» WHAT THE TASK ASKS
Nothing but a number should be given: how many lines in the listing contain the word "Model".

» RECORDS TO USE
'''

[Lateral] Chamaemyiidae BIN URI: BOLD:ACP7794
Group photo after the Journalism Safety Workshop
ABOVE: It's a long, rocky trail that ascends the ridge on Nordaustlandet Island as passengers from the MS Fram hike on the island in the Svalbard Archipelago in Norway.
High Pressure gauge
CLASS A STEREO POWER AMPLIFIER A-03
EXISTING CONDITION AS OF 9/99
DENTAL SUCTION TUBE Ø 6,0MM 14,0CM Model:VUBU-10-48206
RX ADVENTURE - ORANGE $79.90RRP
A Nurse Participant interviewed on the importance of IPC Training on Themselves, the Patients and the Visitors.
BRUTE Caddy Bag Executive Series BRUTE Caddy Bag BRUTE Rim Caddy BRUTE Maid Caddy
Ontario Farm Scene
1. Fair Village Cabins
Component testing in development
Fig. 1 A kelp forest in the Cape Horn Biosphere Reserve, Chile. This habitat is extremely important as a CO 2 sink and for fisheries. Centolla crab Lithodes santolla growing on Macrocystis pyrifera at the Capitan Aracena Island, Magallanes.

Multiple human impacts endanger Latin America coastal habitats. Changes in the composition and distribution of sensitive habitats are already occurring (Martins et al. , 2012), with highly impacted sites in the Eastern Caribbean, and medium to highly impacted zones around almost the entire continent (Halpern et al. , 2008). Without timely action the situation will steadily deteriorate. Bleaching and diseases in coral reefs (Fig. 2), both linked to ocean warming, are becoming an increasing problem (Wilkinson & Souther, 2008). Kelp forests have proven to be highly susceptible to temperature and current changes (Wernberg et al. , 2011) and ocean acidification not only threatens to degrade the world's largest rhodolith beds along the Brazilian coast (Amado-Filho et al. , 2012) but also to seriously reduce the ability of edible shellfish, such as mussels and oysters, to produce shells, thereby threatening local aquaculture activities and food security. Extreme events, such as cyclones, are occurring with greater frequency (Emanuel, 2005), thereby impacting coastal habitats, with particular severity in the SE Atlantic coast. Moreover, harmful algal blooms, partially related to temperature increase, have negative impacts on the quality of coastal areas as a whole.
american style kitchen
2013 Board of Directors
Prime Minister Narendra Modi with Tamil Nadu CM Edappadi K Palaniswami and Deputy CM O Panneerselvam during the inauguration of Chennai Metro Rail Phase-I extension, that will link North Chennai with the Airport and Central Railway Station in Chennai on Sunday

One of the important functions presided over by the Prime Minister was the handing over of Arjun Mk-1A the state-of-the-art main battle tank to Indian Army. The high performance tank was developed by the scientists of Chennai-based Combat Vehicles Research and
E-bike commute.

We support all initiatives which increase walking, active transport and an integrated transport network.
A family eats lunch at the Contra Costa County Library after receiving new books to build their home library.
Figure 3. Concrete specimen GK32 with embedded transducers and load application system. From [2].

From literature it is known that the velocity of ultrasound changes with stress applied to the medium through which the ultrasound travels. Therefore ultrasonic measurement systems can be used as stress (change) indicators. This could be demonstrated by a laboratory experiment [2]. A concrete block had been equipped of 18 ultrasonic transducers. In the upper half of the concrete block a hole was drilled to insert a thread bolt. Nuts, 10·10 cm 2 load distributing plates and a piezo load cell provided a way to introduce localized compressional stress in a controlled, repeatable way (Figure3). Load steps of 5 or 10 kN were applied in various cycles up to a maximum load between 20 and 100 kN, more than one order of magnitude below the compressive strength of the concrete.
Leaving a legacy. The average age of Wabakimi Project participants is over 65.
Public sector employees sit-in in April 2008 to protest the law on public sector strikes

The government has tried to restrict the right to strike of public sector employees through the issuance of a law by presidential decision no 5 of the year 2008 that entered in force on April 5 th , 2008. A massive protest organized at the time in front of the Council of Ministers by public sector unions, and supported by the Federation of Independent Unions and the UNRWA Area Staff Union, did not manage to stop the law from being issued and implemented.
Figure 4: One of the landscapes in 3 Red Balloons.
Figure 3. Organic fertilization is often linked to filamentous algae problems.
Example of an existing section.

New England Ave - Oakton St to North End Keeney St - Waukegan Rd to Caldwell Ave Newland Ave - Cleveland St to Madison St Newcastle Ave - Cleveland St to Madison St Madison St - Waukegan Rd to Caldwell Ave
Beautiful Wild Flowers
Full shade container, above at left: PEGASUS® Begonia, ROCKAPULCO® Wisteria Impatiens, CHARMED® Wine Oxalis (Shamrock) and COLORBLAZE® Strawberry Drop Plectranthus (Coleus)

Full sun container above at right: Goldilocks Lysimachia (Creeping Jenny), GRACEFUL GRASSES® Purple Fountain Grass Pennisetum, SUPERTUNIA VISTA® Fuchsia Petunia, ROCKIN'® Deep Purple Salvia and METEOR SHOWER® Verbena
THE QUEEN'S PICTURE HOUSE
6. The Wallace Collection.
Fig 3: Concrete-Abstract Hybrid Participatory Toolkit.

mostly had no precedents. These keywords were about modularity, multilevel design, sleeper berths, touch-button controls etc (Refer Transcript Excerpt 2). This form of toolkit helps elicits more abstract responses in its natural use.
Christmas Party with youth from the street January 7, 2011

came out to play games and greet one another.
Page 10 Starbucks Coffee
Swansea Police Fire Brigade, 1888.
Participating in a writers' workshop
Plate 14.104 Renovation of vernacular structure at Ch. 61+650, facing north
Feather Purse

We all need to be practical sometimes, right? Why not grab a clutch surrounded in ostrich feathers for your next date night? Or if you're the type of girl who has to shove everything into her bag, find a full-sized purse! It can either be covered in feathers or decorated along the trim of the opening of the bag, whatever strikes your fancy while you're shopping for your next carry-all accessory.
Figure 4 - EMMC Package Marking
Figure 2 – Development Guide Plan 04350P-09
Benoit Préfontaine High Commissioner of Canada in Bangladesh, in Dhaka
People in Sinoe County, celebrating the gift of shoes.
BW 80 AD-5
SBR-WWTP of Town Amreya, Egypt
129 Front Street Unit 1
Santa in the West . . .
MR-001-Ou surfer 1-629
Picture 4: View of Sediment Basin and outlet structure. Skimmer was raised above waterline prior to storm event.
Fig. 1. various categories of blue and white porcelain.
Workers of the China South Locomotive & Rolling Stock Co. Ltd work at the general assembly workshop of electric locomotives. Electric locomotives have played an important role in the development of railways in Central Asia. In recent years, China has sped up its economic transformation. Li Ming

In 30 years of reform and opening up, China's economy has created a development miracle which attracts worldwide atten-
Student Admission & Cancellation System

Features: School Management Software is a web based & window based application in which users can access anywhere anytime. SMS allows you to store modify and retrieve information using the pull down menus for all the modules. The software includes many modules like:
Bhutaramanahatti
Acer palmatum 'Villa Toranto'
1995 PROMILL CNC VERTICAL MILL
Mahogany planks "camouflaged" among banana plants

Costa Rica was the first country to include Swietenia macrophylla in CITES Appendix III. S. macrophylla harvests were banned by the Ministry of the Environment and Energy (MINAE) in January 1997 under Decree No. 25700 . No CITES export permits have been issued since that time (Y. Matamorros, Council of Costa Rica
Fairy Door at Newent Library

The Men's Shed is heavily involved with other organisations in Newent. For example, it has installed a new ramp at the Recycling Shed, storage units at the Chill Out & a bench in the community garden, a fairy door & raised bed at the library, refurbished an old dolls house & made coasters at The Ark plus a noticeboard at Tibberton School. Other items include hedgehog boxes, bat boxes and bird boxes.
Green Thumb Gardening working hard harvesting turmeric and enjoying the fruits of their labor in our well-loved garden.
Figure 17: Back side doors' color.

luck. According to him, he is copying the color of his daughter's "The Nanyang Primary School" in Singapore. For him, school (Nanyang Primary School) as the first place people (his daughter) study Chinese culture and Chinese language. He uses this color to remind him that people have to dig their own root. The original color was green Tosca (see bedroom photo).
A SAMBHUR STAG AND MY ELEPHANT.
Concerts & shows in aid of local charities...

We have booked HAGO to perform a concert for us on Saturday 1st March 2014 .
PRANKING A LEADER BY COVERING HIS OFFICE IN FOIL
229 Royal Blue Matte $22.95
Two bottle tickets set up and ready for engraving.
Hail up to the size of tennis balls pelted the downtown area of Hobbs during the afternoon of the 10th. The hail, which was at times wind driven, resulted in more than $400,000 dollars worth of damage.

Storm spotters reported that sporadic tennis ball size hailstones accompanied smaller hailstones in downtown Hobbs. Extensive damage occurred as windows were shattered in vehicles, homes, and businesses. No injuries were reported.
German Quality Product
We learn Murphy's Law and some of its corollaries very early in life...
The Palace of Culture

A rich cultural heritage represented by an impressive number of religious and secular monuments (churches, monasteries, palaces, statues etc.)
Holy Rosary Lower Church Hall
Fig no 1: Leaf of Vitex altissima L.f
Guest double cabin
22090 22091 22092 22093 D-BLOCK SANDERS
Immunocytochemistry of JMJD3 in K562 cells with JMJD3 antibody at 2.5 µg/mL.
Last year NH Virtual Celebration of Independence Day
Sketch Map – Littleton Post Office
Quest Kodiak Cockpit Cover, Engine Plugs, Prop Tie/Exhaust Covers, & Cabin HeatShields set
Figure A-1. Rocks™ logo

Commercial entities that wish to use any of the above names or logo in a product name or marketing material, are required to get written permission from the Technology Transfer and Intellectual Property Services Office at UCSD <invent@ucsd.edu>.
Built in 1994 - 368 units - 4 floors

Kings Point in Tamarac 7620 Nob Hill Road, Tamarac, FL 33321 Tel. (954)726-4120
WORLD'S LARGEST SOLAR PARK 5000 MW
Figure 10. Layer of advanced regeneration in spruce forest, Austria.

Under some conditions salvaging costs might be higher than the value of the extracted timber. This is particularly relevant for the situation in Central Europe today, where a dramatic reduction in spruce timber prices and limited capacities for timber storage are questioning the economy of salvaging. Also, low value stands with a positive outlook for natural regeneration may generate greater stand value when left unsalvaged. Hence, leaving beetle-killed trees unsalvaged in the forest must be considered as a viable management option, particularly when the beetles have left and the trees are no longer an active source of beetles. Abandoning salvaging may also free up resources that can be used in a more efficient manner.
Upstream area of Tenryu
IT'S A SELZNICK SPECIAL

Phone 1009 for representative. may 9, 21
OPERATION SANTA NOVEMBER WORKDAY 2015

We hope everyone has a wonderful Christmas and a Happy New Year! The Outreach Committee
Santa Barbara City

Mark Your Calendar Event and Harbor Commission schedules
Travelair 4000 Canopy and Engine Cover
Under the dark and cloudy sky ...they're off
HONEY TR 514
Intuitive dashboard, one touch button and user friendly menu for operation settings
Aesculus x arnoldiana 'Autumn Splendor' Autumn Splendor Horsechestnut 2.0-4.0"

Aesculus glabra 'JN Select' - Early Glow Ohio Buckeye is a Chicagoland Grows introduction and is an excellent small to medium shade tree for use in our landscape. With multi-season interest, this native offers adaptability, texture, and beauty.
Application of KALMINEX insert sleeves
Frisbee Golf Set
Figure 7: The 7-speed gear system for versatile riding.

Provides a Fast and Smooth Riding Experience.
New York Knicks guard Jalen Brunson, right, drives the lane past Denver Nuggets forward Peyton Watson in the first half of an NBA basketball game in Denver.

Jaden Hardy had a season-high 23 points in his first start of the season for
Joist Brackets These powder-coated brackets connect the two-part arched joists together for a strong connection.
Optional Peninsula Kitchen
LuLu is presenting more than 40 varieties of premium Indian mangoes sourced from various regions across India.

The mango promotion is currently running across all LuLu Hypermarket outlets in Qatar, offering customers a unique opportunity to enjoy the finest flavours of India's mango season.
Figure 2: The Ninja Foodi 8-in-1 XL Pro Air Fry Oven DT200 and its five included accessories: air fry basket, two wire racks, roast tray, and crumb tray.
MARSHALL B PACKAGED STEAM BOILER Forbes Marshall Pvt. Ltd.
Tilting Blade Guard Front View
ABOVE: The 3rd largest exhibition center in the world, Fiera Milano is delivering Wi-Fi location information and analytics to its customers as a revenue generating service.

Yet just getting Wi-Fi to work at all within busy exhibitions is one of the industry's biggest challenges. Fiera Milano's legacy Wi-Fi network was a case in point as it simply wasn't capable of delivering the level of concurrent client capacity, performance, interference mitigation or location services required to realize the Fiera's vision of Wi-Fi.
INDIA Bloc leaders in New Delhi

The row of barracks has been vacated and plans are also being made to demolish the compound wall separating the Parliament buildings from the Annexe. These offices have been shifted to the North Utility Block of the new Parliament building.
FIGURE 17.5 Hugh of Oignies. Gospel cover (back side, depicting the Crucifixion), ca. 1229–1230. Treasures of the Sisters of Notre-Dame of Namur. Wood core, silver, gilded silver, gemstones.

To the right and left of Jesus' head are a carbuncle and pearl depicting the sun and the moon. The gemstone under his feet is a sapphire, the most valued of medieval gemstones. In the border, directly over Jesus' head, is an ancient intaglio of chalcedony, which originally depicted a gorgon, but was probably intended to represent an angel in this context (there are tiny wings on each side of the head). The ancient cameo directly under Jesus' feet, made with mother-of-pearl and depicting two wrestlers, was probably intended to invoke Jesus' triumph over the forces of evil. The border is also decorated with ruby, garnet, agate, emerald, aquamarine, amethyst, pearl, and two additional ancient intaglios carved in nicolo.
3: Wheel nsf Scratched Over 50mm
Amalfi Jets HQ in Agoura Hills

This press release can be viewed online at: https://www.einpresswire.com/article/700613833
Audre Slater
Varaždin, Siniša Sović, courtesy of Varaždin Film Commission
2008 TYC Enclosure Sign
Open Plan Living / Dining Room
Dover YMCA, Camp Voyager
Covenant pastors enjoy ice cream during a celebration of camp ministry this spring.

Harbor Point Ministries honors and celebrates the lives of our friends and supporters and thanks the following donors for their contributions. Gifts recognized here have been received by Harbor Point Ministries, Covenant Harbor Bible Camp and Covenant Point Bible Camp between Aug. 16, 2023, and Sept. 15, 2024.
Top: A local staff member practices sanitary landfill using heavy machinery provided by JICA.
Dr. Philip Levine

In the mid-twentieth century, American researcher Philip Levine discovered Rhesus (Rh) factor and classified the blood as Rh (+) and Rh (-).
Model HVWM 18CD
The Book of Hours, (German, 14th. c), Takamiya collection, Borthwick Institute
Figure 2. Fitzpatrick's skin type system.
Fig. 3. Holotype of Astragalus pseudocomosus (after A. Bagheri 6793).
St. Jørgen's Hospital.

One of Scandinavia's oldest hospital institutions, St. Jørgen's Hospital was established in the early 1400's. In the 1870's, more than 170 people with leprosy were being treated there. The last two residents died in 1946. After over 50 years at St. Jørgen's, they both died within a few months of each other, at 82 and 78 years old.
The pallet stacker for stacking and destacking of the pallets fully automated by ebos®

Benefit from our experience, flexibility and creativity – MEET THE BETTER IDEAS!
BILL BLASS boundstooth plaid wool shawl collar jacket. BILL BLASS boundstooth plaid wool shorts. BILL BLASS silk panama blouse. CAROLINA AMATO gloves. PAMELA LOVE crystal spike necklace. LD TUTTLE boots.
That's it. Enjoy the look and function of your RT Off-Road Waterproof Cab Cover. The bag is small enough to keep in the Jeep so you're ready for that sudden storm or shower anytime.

'''

» YOUR RESPONSE
2